From 8fa4e1a91adab38387408e9b3a7f9648c92e6aa8 Mon Sep 17 00:00:00 2001
From: Riku-Laine <28960190+Riku-Laine@users.noreply.github.com>
Date: Mon, 5 Aug 2019 09:34:14 +0300
Subject: [PATCH] Outline to latex and some writing

---
 analysis_and_scripts/notes.tex |  2 +-
 paper/sl.tex                   | 12 ++++++++----
 2 files changed, 9 insertions(+), 5 deletions(-)

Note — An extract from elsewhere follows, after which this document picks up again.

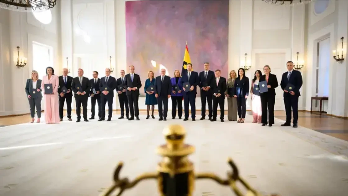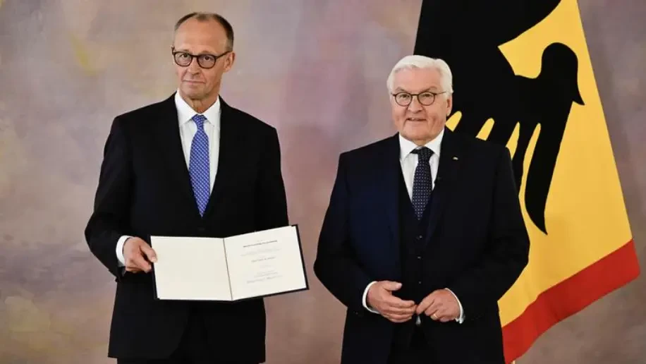 Затем Федеральный президент Франк-Вальтер Штайнмайер (Frank-Walter Steinmeier) принял Мерца во дворце Бельвю и вручил ему свидетельство о назначении. С получением этого свидетельства полномочия канцлера перешли к Мерцу.

diff --git a/analysis_and_scripts/notes.tex b/analysis_and_scripts/notes.tex
index d65ed4e..317c327 100644
--- a/analysis_and_scripts/notes.tex
+++ b/analysis_and_scripts/notes.tex
@@ -180,7 +180,7 @@ The decider module in the data step has unobservable information available for m
 
 \subsection{Modelling step} Once the data is available, it is given to another decider in the modelling step. In general, a decider can give a ranking, a binary decision or a real-valued prediction as an output. We used conventional predictive models from the machine learning literature to output real-valued predictions in the interval [0, 1] for the probability of a negative outcome for a defendant. We split the data set randomly to two equal halves and trained our model in the other halve and created predictions using the trained model for the observations in the other halve. Later we might refer to the outputs from the decider in the modelling step as values from $\B$. (?)
 
-\subsection{Evaluation step} The purpose of the evaluation step is to output a reliable estimate of a decider module's performance. The estimate is created by the evaluator module and it should be precise and unbiased and it should have a low variance. The output of the decider module should also be as robust as possible to slight changes in the data generation step. The estimate of the evaluator should also be accurate for all levels of leniency of the deciders.

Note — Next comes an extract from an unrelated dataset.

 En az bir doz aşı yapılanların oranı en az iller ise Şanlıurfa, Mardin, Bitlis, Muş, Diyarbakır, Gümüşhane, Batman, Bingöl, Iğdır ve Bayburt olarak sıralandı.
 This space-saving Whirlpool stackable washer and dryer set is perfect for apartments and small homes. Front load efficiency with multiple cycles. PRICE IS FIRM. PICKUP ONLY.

+\subsection{Evaluation step} The purpose of the evaluation step is to output a reliable estimate of a decider module's performance. The estimate is created by the evaluator module and it should be precise and unbiased and it should have a low variance. The output of the evaluator module should also be as robust as possible to slight changes in the data generation step. The estimate of the evaluator should also be accurate for all levels of leniency of the deciders.
 
 \textbf{Example} In the judicial setting, the Nature is our data generating module. Nature defines the characteristics of each defendant. The deciders in the data step are the judges deciding who to bail and who to put behind bars. In the modelling step, we try to predict the defendants' probability for violating the bail. Judge has unwritten information available concerning the defendant seeing their behaviour in court. We can fully define the decider used in the modelling step, for example it can be a neural net or a regression model. Finally we want to evaluate the performance of the human judges and the decider in the modelling step to see if using the machine would improve on human decision-making. That is, the evaluator module should output a reliable estimate of the rate of bail violations with a given rate of bail decisions.
 
diff --git a/paper/sl.tex b/paper/sl.tex
index dbb3637..b365c1b 100755
--- a/paper/sl.tex
+++ b/paper/sl.tex
@@ -78,18 +78,19 @@
 	\begin{itemize}
 		\item Lot of decisions are being made which affects the course of human lives
 		\item Using computational models could enhance the decision-making process in terms of accuracy and fairness.
-		\item The advantage of using models does not necessarily lie in pure performance, that a machine can make multiple decisions, but rather in that a machine can learn from a vast set of information and that with care, a machine can be made a unbiased as possible.
-		\item The explainability of black-box models has been discussed in X
+		\item The advantage of using models does not necessarily lie in pure performance, that a machine can make multiple decisions, but rather in that a machine can learn from a vast set of information and that with care, a machine can be made as unbiased as possible.
+		\item The explainability of black-box models has been discussed in X.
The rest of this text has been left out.